The cypresses that lined the walk fought the wind, bent and convulsed in fury like mad boneless dancers.
The veranda lights were lit, as if Lewis had deliberately turned them on like a good host, to welcome the guest he expected, Easter. Bold shafts of light struck the garden, and Charlotte could see that it was no longer Gwen’s garden, formal and precise. The lawn was a clutter of broken flowers, and palm fronds and dry prickly oak leaves and little mauve dots, like confetti, that had once been part of jacaranda clusters. The wind had beaten the flowers. The stocks and dahlias cringed, half naked, on the ground; the foxgloves had toppled like poles and their pink bells rolled silently across the lawn.

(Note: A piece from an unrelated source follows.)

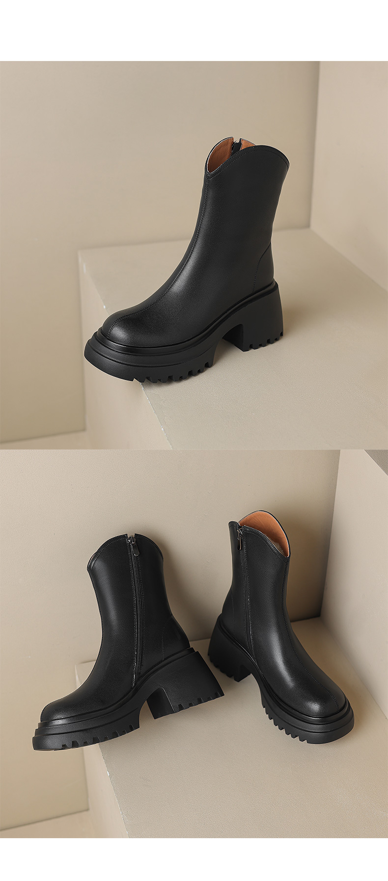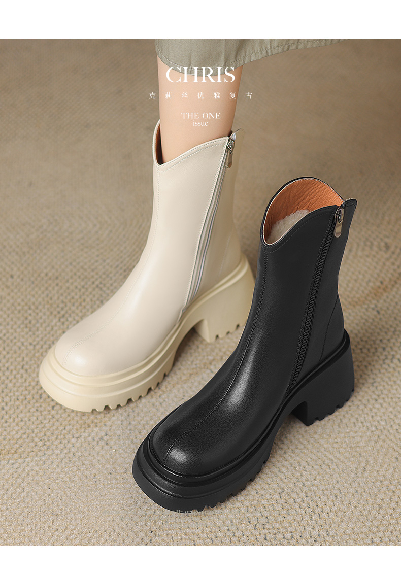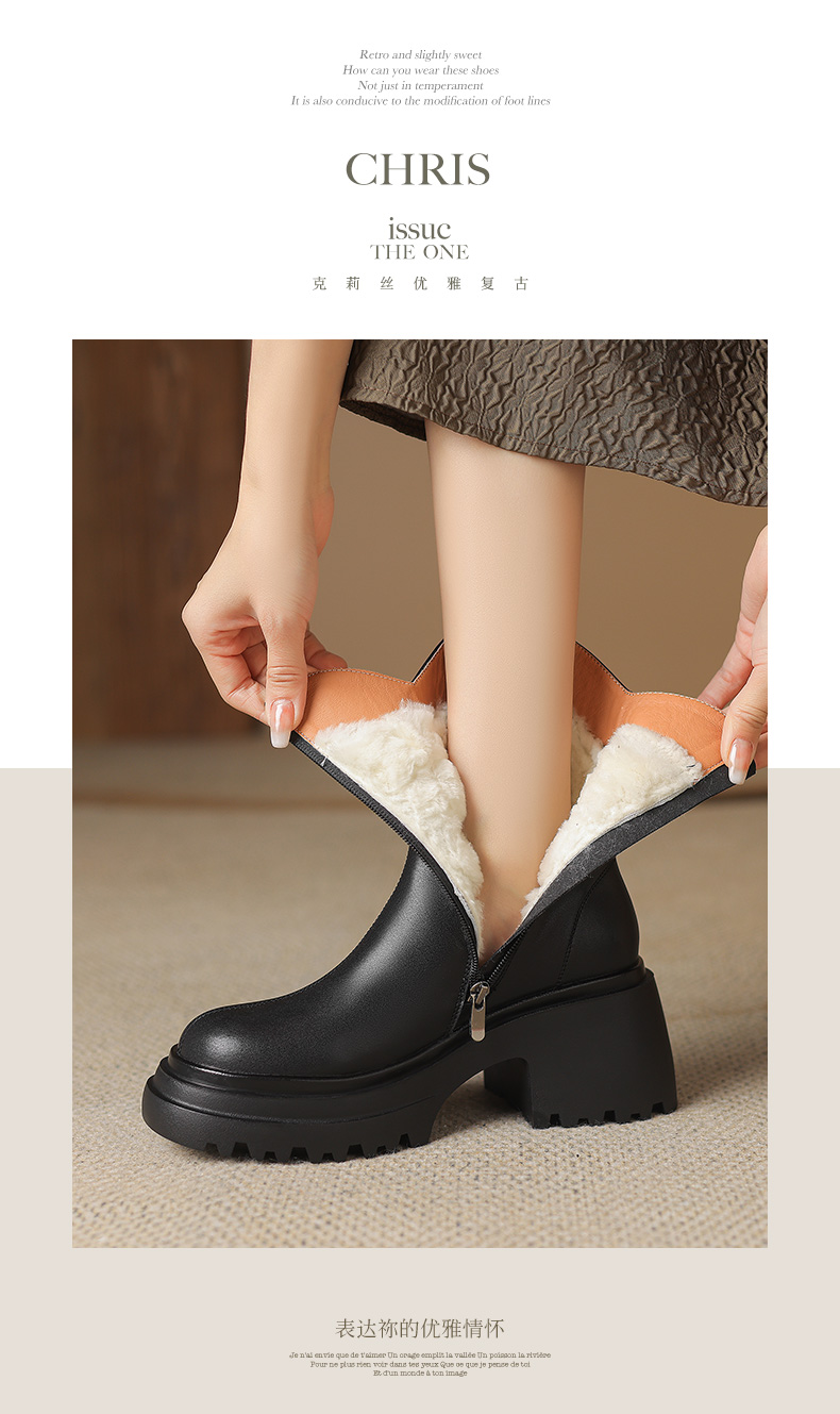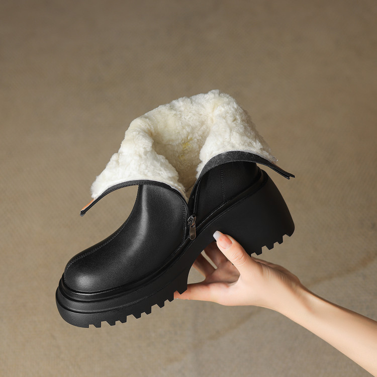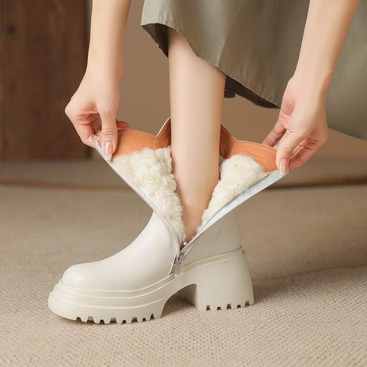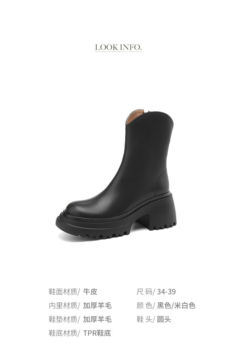 【预售5天】羊羔毛雪地靴女小个子厚底粗跟保暖切尔西短靴加绒加厚真皮马丁靴ZMXY&77015

The collies, herded together at the fence gate, made nervous little noises, as if they would have liked to bark but didn’t dare, knowing that Gwen would appear with a folded newspaper in her hand and tap the wire fence with it warningly. They feared the newspaper and Gwen’s displeasure more than they feared the lunatic wind, the unquiet night.
They went up the front steps in silence—Charlotte holding her coat collar over her face to shield it from the grinding dust, and Easter with his hands in his pockets, unaware of wind or dust.
The drapes of the living room had been pulled back all the way. Charlotte wondered whether this, like the veranda lights, was a gesture of welcome, an invitation to stop, to look in. On her first visit tonight the drapes had been closed, the house blacked out, and Gwen upstairs in her room with a bruised throat.